Huge and lovely high res display
The Samsung Galaxy Note is the best Android smartphone of 2011. It has a superb display running at an extremely high resolution, a very useful Wacom digitizer with pen for pressure sensitive writing and drawing and a very fast dual core CPU. It's thin, attractive and though very large, can still fit in a pocket as well as medium to large hands. Voice quality for calls is excellent whether using the handset or a Bluetooth headset, HSPA+ speeds are very good and the GPS is solid.
The Galaxy Note is one of those devices that you'll either completely love or totally hate -- its sheer size alone will certainly be a barrier for those with smaller hands (or pockets). With the Note, Samsung has managed to create one of the world's largest smartphones, but cunningly it's also an incredibly compact tablet with a high-resolution display -- the same as the Galaxy Tab 10.1 tablet -- without the high-resolution footprint.
Slim attractive design
Sony Ericsson follows up its ultrastylish Xperia Arc with the Xperia Arc S, a slightly faster version of the posh European model that runs Android 2.3 Gingerbread and rocks a powerful camera. Its high price, single-core CPU, and slow data speeds will leave Android experts wanting more.

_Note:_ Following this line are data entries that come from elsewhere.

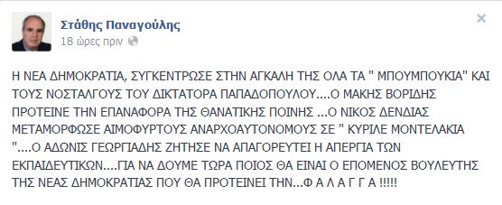 “Για να δούμε ποιος θα είναι ο επόμενος βουλευτής της Νέας Δημοκρατίας που θα προτείνει τη φάλαγγα!!!”, διερωτάται μέσω Facebook ο Στάθης Παναγούλης.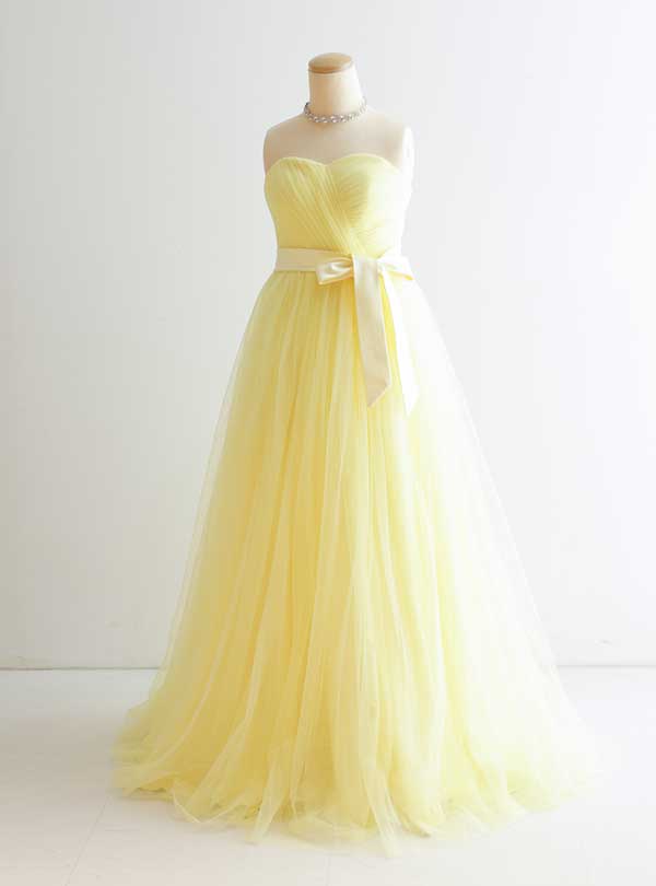明るく爽やかなイエローが特徴の1着です。ビスチェ部分には斜めのプリーツが施されており、優雅に広がる軽やかなチュールが洗練されたシルエットを作り出します。 ウエスト部分の同色のリボンが全体のデザインに統一感をもたらします。華やかなシーンにぴったりのデザインで、明るいイエローが元気な印象を与えてくれます。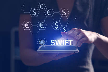 The word swap was written with wooden cubes. Close-up of spot lights and on a white table. Close up.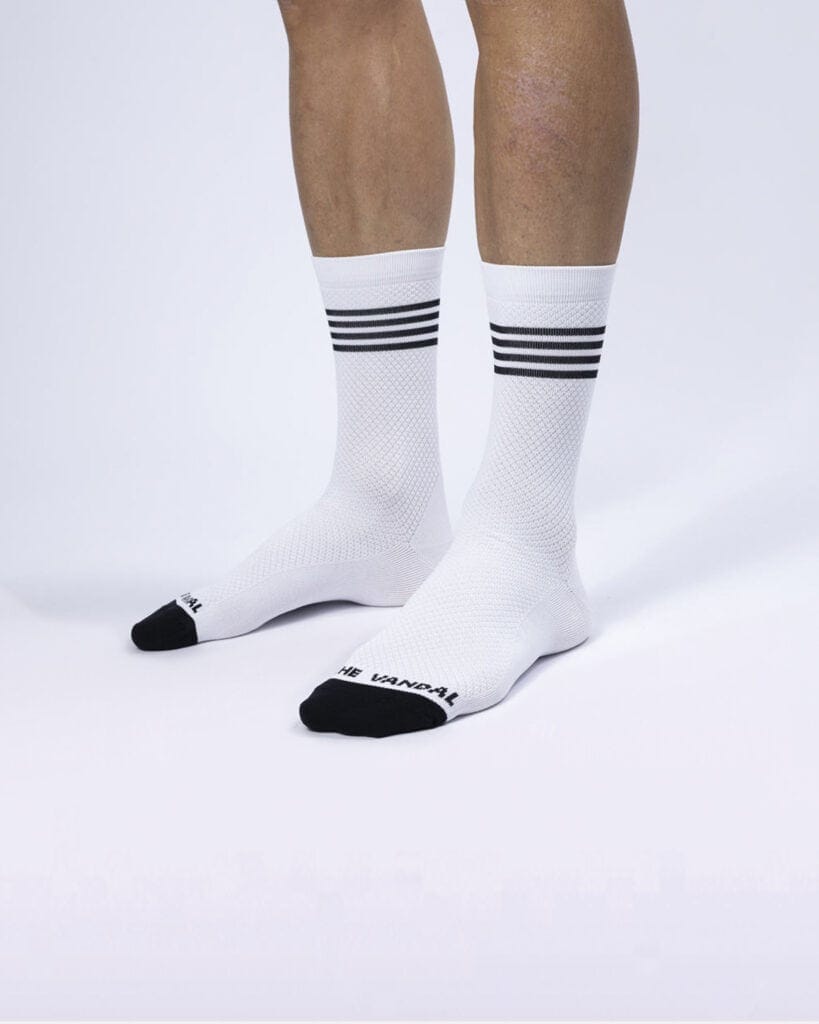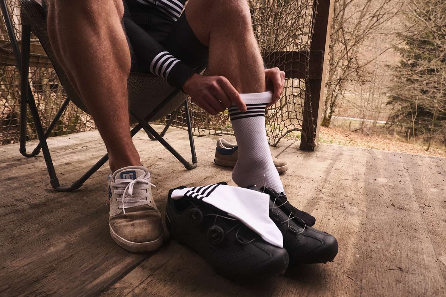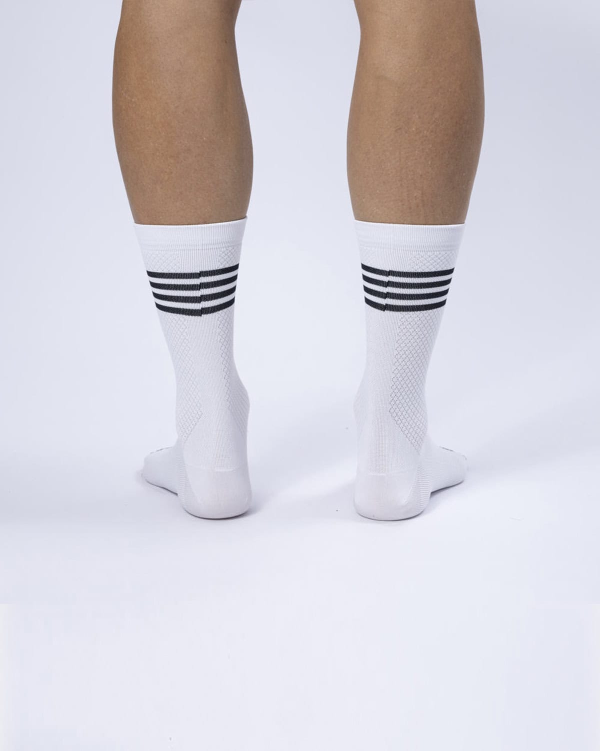 Our WHTE. Cycling Socks. Marginal gains. For the cyclist, every detail is important. Definitely the socks. The right height, matching color with your kit, they complete your look while providing the necessary comfort. With our cycling socks you have this perfect mix. With a height of 20 cm, the sweat-wicking properties and supportive stretch of our socks, you are ready to rock. These WHTE. Socks are the perfect match with our BLCK. Jersey.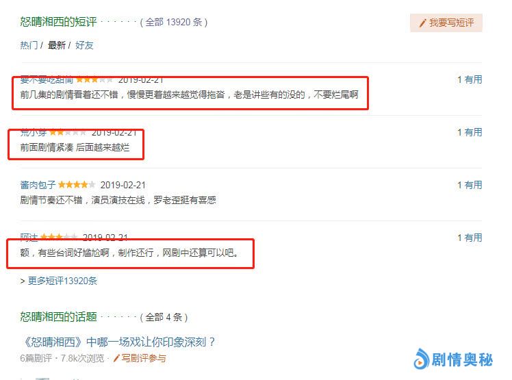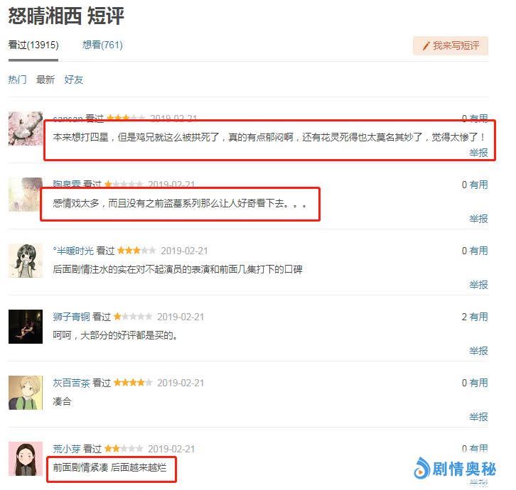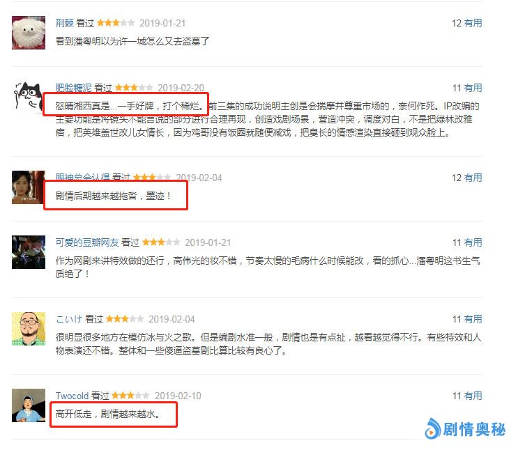 介于该剧高开低走后,手贱又去翻看了一下导演的过往作品,感觉拍成这个样子也是情理之中。四个编剧除去挂名的霸唱,其他三个加一起也没写出过什么像样的东西!整个片子给人感觉就是金玉其外,败絮其中——所有表面功夫都做得不错,但核心的剧情崩了。促使了众多网友和观众纷纷吐槽,批斗该剧,甚至还有网友喊出来弃剧的念头。
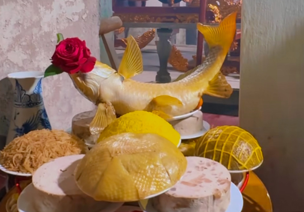 Worshiped carp need to meet the following standards: body bent like a communal house roof, mouth wide open, scales even and golden, eyes intact. When the whole carp is golden brown, lively as if swimming, the hammock will be removed to be placed on the feast.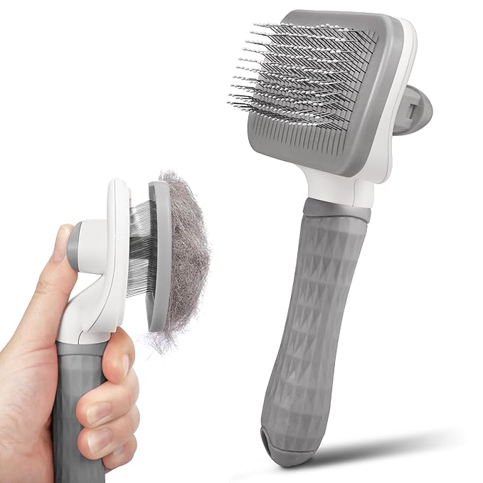 Self Cleaning Slicker Brush for Pets, Removes Loose Undercoat & Portable Comb for Long Short Haired Dogs & Cats (Gray)
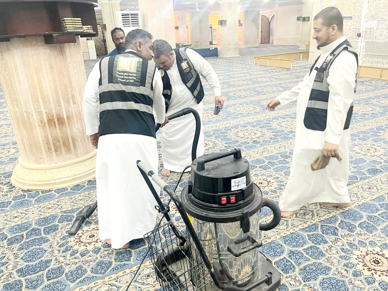 وتسابق الجميع في حماس كبير لتنظيف بيت الله وكسب الأجر العظيم المترتب على ذلك حيث سارع الجميع لتنظيف المصاحف والأرفف الخاصة بها وكنس السجاد وتعقيمه وتعطيره وتنظيف المكيفات وتعطيرها وتنظيف بقية مرافق الجامع.

Thin, tall and narrow chassis makes it more comfortable to use than other big-screen Androids
In our review of the Sony Ericsson Xperia arc we said the company has nailed it, but now with the Xperia arc S, we'd say we have a minor upgrade on our hands. The thin arched profile that makes you forget you are holding a gadget with a huge 4.2 screen stays, as well as the light weight and sleek and classy look. The Timescape UI is also very pretty and functional with its 'Facebook inside Xperia' addition.
Great user interface customisations
The Sony Ericsson Xperia Arc S is a slim, bright, powerful Android smartphone that shows off the mobile operating system to its very best. The screen is fantastic and the processor and memory perform well enough to keep the Android experience running smoothly and quickly.
The Sony Ericsson Xperia Arc S isn't a phone that blows us away. In fact, considering it's Sony Ericsson's current top of the line, it's a bit disappointing. There's no dual-core processor and the build is underwhelming. However, just as with the original Arc, the Arc S packs in the essential features, has a nice screen and a great camera. What's more it's available for a decent price, making it a sound investment if you're not after the absolute biggest and best.
Incredible camera, slick design and fast performance
The Sony Ericsson Xperia Arc S is an excellent phone, boasting an incredible camera, slick design and fast performance. Compared to phones of a similar price like the Galaxy S2 (to which it is currently similarly priced) it's not quite as powerful when it comes to things like gaming, but its perhaps a more stylish (if slightly less beefy) alternative.